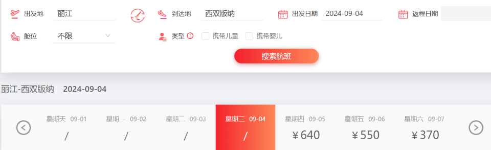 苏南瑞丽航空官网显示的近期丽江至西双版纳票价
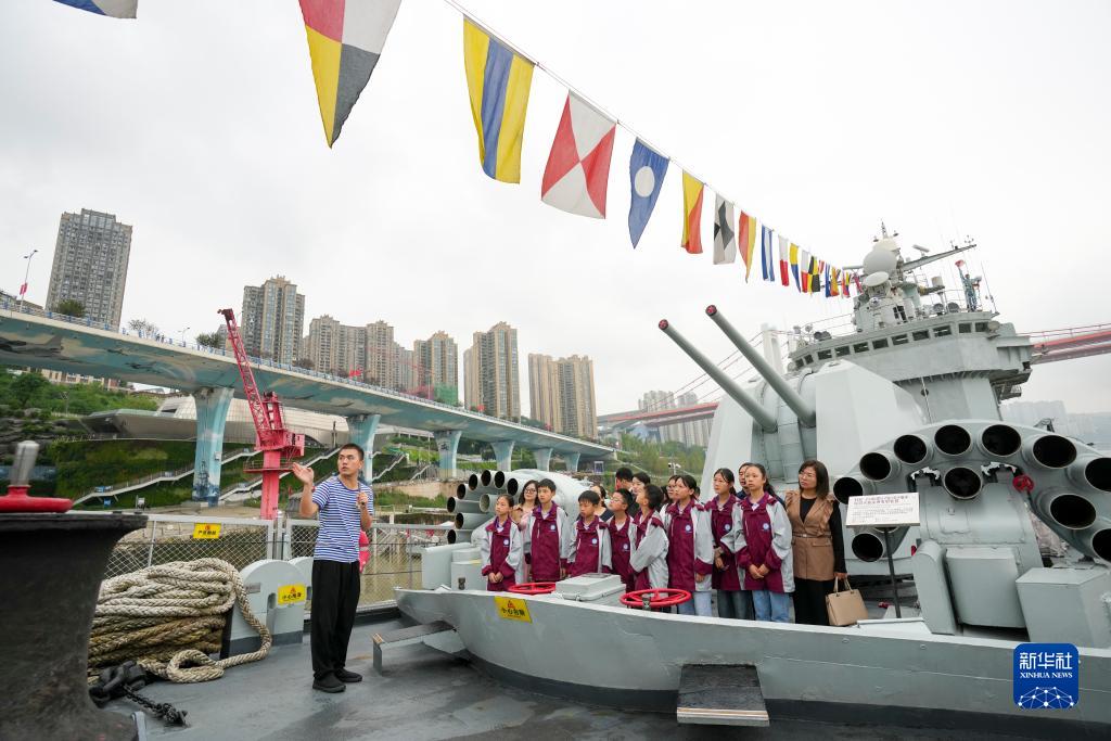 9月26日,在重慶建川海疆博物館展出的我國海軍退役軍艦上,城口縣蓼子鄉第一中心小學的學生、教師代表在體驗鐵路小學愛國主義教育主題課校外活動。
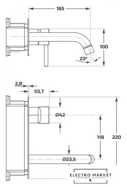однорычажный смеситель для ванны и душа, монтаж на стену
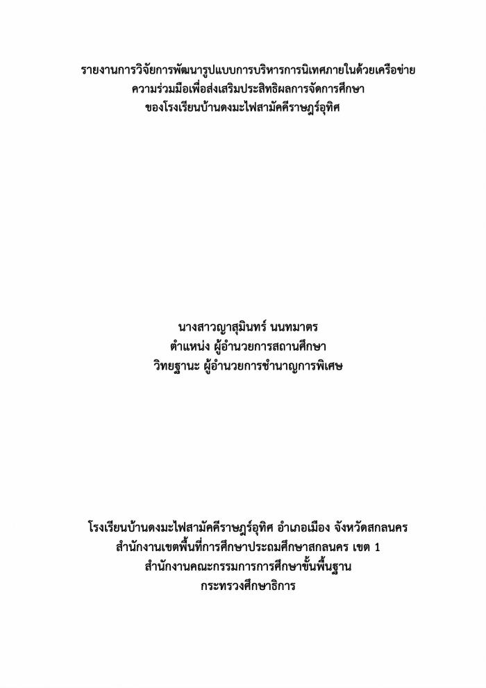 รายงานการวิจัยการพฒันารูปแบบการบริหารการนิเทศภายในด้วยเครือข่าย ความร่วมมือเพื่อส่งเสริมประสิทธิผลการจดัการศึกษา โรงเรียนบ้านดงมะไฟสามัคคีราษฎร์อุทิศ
^^^^^^^^^^^^^^^^
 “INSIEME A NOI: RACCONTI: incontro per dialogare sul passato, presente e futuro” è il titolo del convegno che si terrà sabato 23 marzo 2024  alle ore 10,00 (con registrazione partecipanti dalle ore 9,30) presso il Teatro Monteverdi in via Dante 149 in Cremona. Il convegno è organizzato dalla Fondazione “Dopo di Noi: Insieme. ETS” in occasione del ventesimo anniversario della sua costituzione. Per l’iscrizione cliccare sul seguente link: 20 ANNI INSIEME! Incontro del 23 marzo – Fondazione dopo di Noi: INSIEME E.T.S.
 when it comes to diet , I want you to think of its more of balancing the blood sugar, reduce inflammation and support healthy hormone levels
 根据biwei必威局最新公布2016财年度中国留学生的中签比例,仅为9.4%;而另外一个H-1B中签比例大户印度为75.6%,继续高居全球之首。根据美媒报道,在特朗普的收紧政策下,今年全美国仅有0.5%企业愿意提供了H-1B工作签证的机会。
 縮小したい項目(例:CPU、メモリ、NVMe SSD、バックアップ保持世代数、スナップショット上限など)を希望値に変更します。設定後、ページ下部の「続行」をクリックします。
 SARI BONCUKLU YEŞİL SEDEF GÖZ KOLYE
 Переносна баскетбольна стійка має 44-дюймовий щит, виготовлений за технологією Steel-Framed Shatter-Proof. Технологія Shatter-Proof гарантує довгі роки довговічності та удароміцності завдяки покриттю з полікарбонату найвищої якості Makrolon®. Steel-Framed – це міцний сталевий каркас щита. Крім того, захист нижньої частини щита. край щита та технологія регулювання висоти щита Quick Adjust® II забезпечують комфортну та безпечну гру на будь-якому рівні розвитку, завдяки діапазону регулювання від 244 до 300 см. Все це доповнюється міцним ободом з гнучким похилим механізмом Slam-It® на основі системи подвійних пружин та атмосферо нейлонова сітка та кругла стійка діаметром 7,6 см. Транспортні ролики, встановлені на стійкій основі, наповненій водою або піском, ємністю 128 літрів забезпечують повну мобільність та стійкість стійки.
^^^^^^^^^^^^^^^^
**Work instruction:**
Every line above from the line with "縮小したい項目(例:CPU、" to the line with "SARI BONCUKLU YEŞİL SEDEF GÖZ KOLYE", inclusive, must be returned exactly; no other line belongs in the reply.

**The completed task:**
 縮小したい項目(例:CPU、メモリ、NVMe SSD、バックアップ保持世代数、スナップショット上限など)を希望値に変更します。設定後、ページ下部の「続行」をクリックします。
 SARI BONCUKLU YEŞİL SEDEF GÖZ KOLYE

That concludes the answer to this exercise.